((
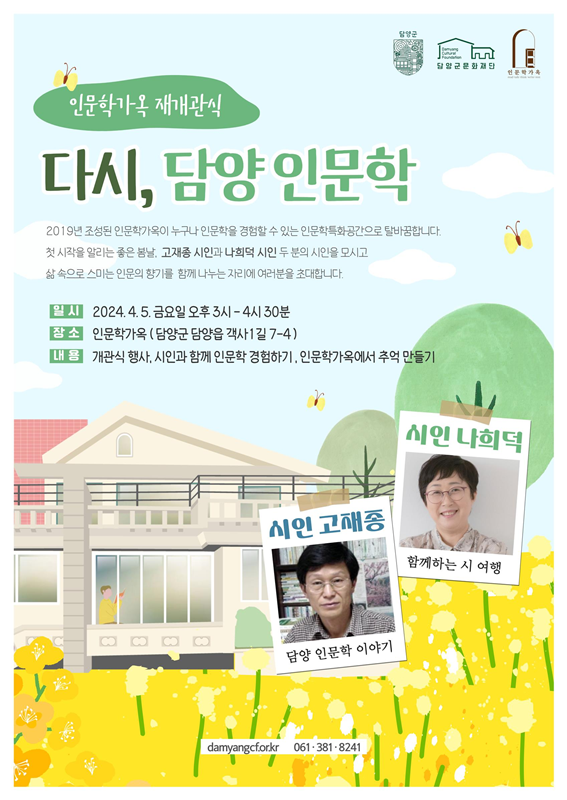 인문학가옥 재개관식 행사에서는 나희덕 시인과 함께하는 시 여행, 송순문학상 수상자인 고재종 시인이 들려주는 담양 인문학 이야기 등 인문학의 정취를 느낄 수 있는 프로그램들이 진행될 예정이다.
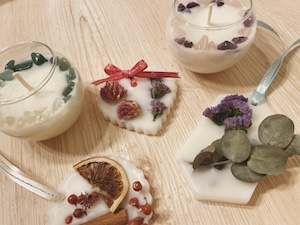 体験レッスンでは”ローズコルネキャンドル”に加え、”ハーブの丸型アロマプレート”を作ります。
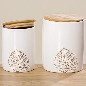 BOLT9822141 KAVANOZ H18xD14cm YAPRAK BEYAZ PORSELEN
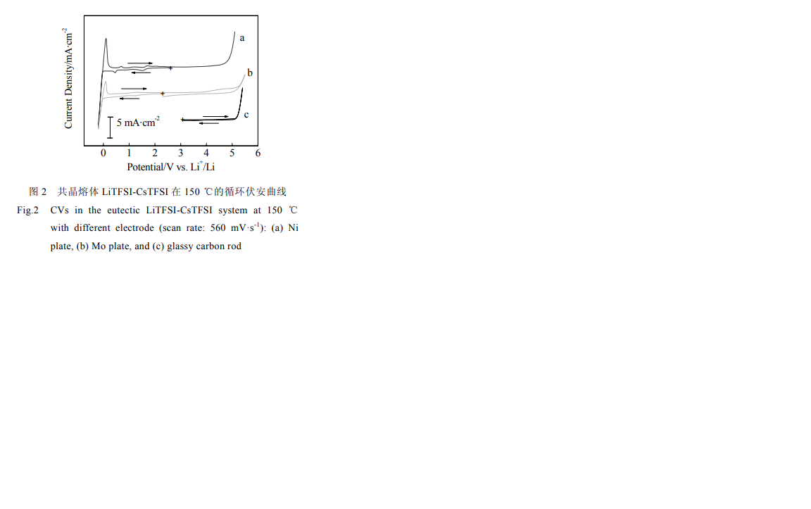 LiFTSI-CsTFSI 共晶熔體在 150 ℃的循環伏安麴線見圖 2 所示。由圖 2a、2b 可知, 齣現在 0 V 的陽極電流峰和陰極電流峰分彆對應於金屬鋰的溶解和沉積。由圖 2c 可知,齣現在 5 V 左右的陽極電流峰對應於 TFSI陰離子的分解。圖 2b 上 4 V 左右齣現的陽極電流對應於鉬的電化學溶解,説明當電位高於 4 V 時,金屬鉬會輕微的溶解到電解質中。圖 2a 上 0~2 V 範圍內齣現的電流峰是電解質中含有的微量雜質引起的。
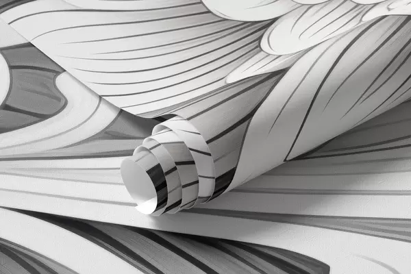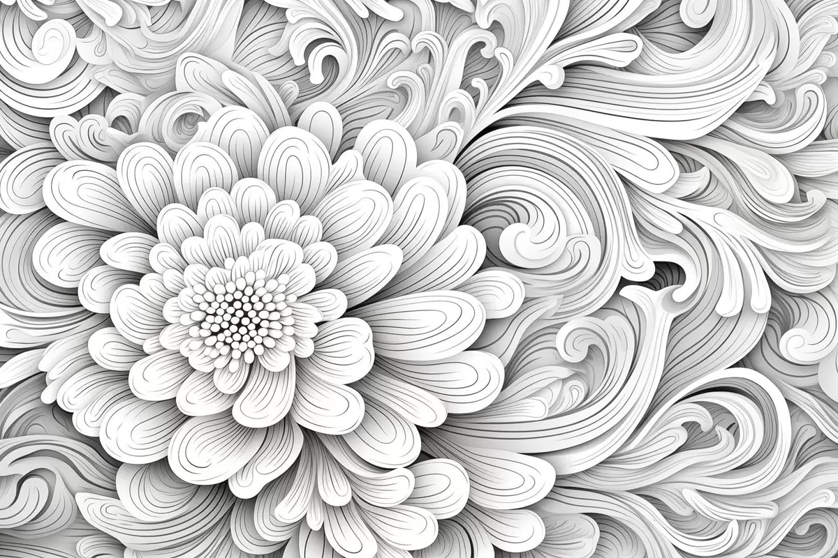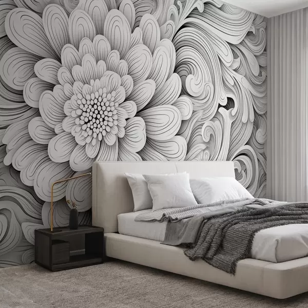 Valokuvatapetti Koristeellinen mustavalkoinen kuvio kukan ja pyörteiden muodossa Nr w09355
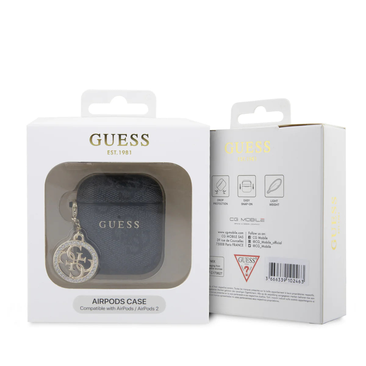 GUESS AirPods Case für AirPods 1 & 2 – Schutzhülle mit Logo & Anhänger
))
## EXERCISE OBJECTIVE
Every line from the one that contains "LiFTSI-CsTFSI 共晶熔體在 150" through the end of the records above is to be reproduced exactly; no picture goes in the copy.

## WRITTEN SOLUTION
 LiFTSI-CsTFSI 共晶熔體在 150 ℃的循環伏安麴線見圖 2 所示。由圖 2a、2b 可知, 齣現在 0 V 的陽極電流峰和陰極電流峰分彆對應於金屬鋰的溶解和沉積。由圖 2c 可知,齣現在 5 V 左右的陽極電流峰對應於 TFSI陰離子的分解。圖 2b 上 4 V 左右齣現的陽極電流對應於鉬的電化學溶解,説明當電位高於 4 V 時,金屬鉬會輕微的溶解到電解質中。圖 2a 上 0~2 V 範圍內齣現的電流峰是電解質中含有的微量雜質引起的。
 Valokuvatapetti Koristeellinen mustavalkoinen kuvio kukan ja pyörteiden muodossa Nr w09355
 GUESS AirPods Case für AirPods 1 & 2 – Schutzhülle mit Logo & Anhänger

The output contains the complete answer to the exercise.